Avec le Job Act italien, « un tabou est tombé »

« Conseil aux Français qui veulent imiter le Job Act italien : oui quant à l’esprit, mais soyez prudents concernant sa mise en œuvre », prévient Stefano Liebman, professeur de droit du travail à l’université Bocconi de Milan.

Le Job Act a-t-il véritablement été une révolution pour le marché du travail italien ?

C'est pas une nouveauté absolue. Le gouvernement Monti, avec sa ministre du Travail et des politiques sociales Elsa Fornero, s'était déjà attaqué à la simplification des règles le régissant, en particulier concernant une flexibilité accrue. Mais la loi adoptée dans la précipitation, en pleine crise financière avec l'Italie en proie à la spéculation des marchés, a été mal préparée et n'a pas simplifié mais complexifié les choses. Un tabou était néanmoins tombé et la réforme de Matteo Renzi a eu le mérite de rationaliser les mesures concernant les licenciements. Il a également mis en place des amortisseurs sociaux qui n'existaient pas dans notre législation. Savoir clairement ce qui est possible de faire et de ne pas faire est important pour les employeurs et les investisseurs.

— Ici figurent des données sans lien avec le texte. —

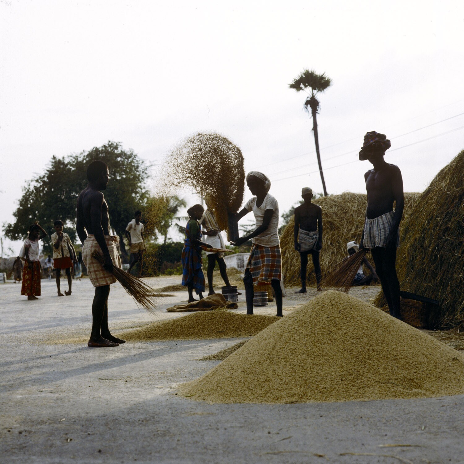 Het dorsen van rijst op de openbare weg en het wanne...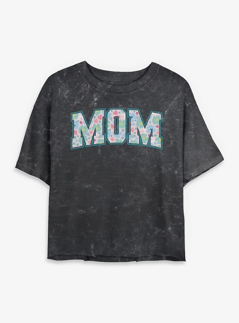 Product ID: 36585018 Disney Minnie Mouse Mom Collegiate Floral Print Mineral Wash Womens Crop T-Shirt

Quelles sont ses limites ?

Même si une Agence Nationale pour venir en aide aux chômeurs et les aider à retrouver du travail a été mise en place, elle manque de moyens. Toute réforme sur la flexsécurité du marché du travail, pour répondre à son objectif, doit certes s'occuper de la flexibilité de l'emploi, mais ne pas négliger la sécurité pour les travailleurs.

La réforme souffre également de l'échec du référendum du mois de décembre dernier. La réforme constitutionnelle prévoyait une reprise en main majeure de la part de l'Etat des politiques sociales qui sont gérées par les régions. Elles conservent donc tout leur poids avec les disparités énormes d'efficacité que nous connaissons entre celles du nord et celles du sud. Enfin il est illusoire de penser que le chômage baisse simplement en changeant la législation. Ce sont les investissements et le contexte économique avant tout qui permettent la création d'emplois.

Quel regard portez-vous sur l'élaboration du Job Act et la mise en oeuvre de la réforme ?

La tentative de réforme du marché du travail entreprise par Mario Monti s'est effectuée dans l'urgence de la crise et avec le souci de ne pas mécontenter les partenaires sociaux. Matteo Renzi, lui, ne s'en est pas soucié. Pressé d'obtenir des résultats il ne s'est pas soumis aux longues négociations avec les syndicats et le patronat.

Même si il a corrigé nombre de défauts des textes présentés par son prédécesseur, il a négligé le rôle de médiation pour obtenir un consensus de la part des partenaires sociaux. Et c'est indispensable pour la réussite de l'application des grandes réformes sociales. C'est le conseil que je me permettrais de donner aux Français qui veulent imiter le Job Act italien. Oui quant à l'esprit, mais soyez prudents concernant sa mise en oeuvre. Il faut du temps, du calme et surtout de l'argent pour accompagner les travailleurs victimes de la flexibilité accrue du marché du travail.